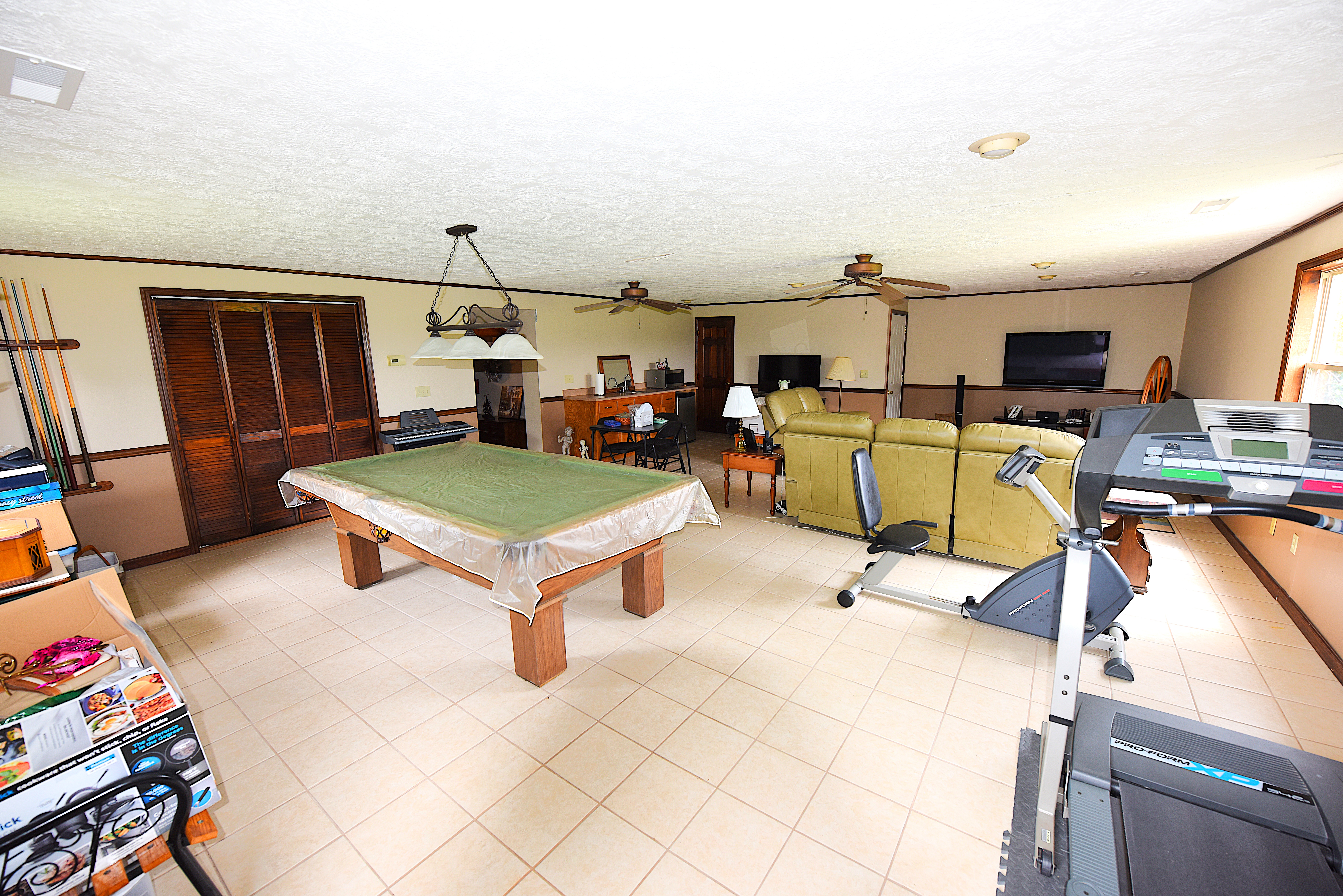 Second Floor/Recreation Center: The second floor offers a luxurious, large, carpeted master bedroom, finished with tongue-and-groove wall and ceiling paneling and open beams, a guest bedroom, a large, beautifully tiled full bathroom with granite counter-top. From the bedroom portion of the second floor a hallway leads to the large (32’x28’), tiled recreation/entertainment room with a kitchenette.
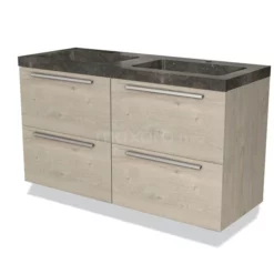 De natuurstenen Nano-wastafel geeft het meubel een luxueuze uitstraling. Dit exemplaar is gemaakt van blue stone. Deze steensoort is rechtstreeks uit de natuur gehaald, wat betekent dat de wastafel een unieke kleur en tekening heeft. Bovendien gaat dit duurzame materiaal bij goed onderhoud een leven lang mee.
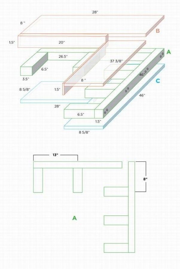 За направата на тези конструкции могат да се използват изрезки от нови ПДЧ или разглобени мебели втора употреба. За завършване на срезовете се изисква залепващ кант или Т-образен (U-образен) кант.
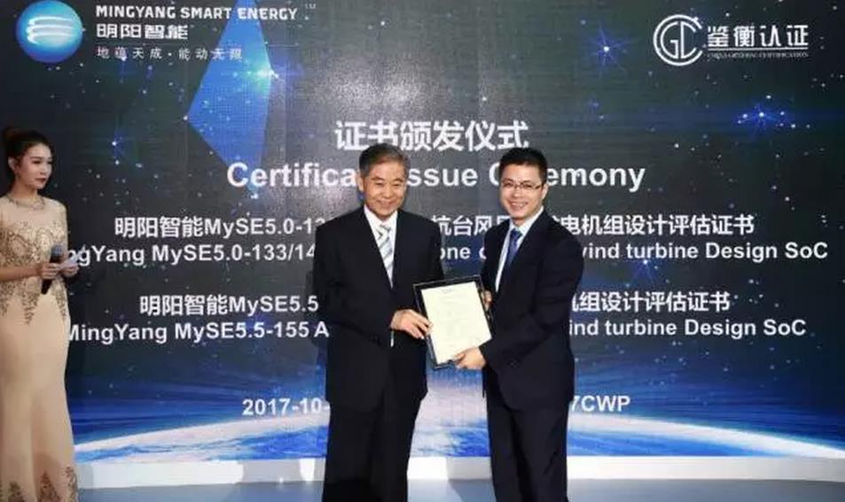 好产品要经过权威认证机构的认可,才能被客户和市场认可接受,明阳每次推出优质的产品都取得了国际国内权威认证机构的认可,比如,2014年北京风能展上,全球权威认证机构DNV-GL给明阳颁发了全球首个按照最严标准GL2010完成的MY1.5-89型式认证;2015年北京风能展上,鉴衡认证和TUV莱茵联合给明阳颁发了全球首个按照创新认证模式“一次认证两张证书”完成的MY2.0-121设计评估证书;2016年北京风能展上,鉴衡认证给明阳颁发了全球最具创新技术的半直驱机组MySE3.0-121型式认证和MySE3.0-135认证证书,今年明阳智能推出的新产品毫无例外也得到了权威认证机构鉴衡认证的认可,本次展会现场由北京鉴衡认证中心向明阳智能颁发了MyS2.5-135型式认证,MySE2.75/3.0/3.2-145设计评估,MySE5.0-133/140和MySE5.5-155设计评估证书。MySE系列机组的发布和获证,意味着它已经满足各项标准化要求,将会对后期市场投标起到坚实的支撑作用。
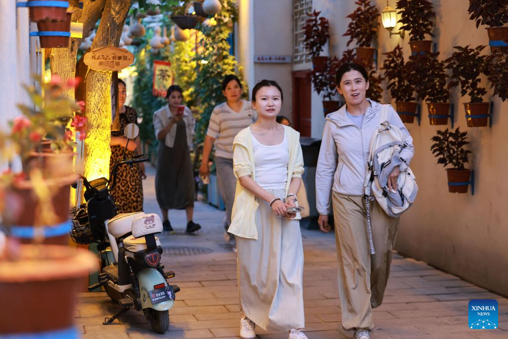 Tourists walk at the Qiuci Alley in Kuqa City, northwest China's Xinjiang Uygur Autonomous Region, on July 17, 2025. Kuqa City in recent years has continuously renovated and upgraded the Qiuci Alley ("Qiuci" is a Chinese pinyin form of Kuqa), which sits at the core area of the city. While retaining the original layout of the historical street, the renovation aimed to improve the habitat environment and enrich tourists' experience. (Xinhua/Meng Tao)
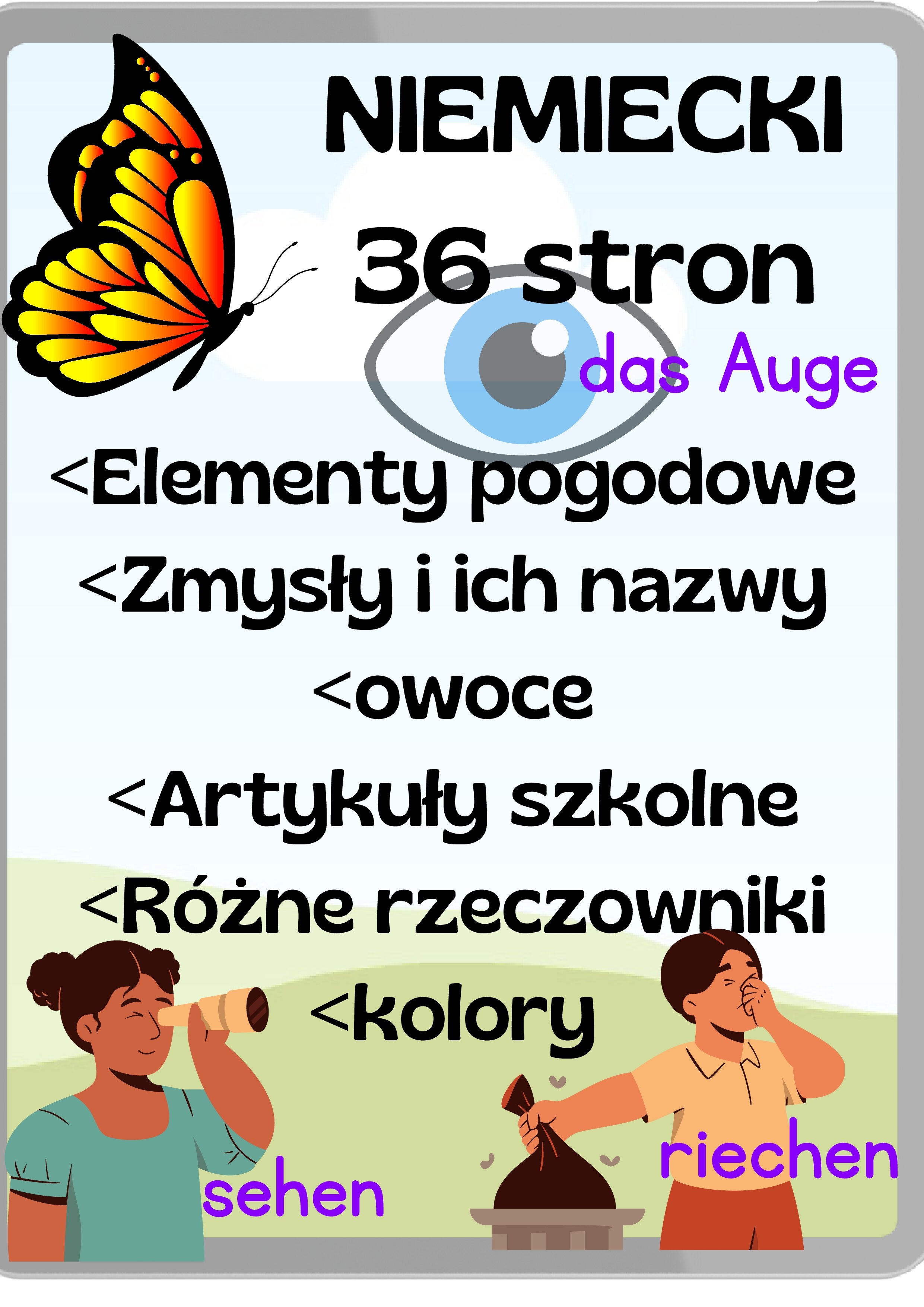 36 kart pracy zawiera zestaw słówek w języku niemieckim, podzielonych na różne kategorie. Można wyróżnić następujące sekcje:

▬▬▬▬▬▬

### [Description of the task]
Reproduce the material above in full, exactly, with no images.

### [Written solution]
 Second Floor/Recreation Center: The second floor offers a luxurious, large, carpeted master bedroom, finished with tongue-and-groove wall and ceiling paneling and open beams, a guest bedroom, a large, beautifully tiled full bathroom with granite counter-top. From the bedroom portion of the second floor a hallway leads to the large (32’x28’), tiled recreation/entertainment room with a kitchenette.
 De natuurstenen Nano-wastafel geeft het meubel een luxueuze uitstraling. Dit exemplaar is gemaakt van blue stone. Deze steensoort is rechtstreeks uit de natuur gehaald, wat betekent dat de wastafel een unieke kleur en tekening heeft. Bovendien gaat dit duurzame materiaal bij goed onderhoud een leven lang mee.
 За направата на тези конструкции могат да се използват изрезки от нови ПДЧ или разглобени мебели втора употреба. За завършване на срезовете се изисква залепващ кант или Т-образен (U-образен) кант.
 好产品要经过权威认证机构的认可,才能被客户和市场认可接受,明阳每次推出优质的产品都取得了国际国内权威认证机构的认可,比如,2014年北京风能展上,全球权威认证机构DNV-GL给明阳颁发了全球首个按照最严标准GL2010完成的MY1.5-89型式认证;2015年北京风能展上,鉴衡认证和TUV莱茵联合给明阳颁发了全球首个按照创新认证模式“一次认证两张证书”完成的MY2.0-121设计评估证书;2016年北京风能展上,鉴衡认证给明阳颁发了全球最具创新技术的半直驱机组MySE3.0-121型式认证和MySE3.0-135认证证书,今年明阳智能推出的新产品毫无例外也得到了权威认证机构鉴衡认证的认可,本次展会现场由北京鉴衡认证中心向明阳智能颁发了MyS2.5-135型式认证,MySE2.75/3.0/3.2-145设计评估,MySE5.0-133/140和MySE5.5-155设计评估证书。MySE系列机组的发布和获证,意味着它已经满足各项标准化要求,将会对后期市场投标起到坚实的支撑作用。
 Tourists walk at the Qiuci Alley in Kuqa City, northwest China's Xinjiang Uygur Autonomous Region, on July 17, 2025. Kuqa City in recent years has continuously renovated and upgraded the Qiuci Alley ("Qiuci" is a Chinese pinyin form of Kuqa), which sits at the core area of the city. While retaining the original layout of the historical street, the renovation aimed to improve the habitat environment and enrich tourists' experience. (Xinhua/Meng Tao)
 36 kart pracy zawiera zestaw słówek w języku niemieckim, podzielonych na różne kategorie. Można wyróżnić następujące sekcje:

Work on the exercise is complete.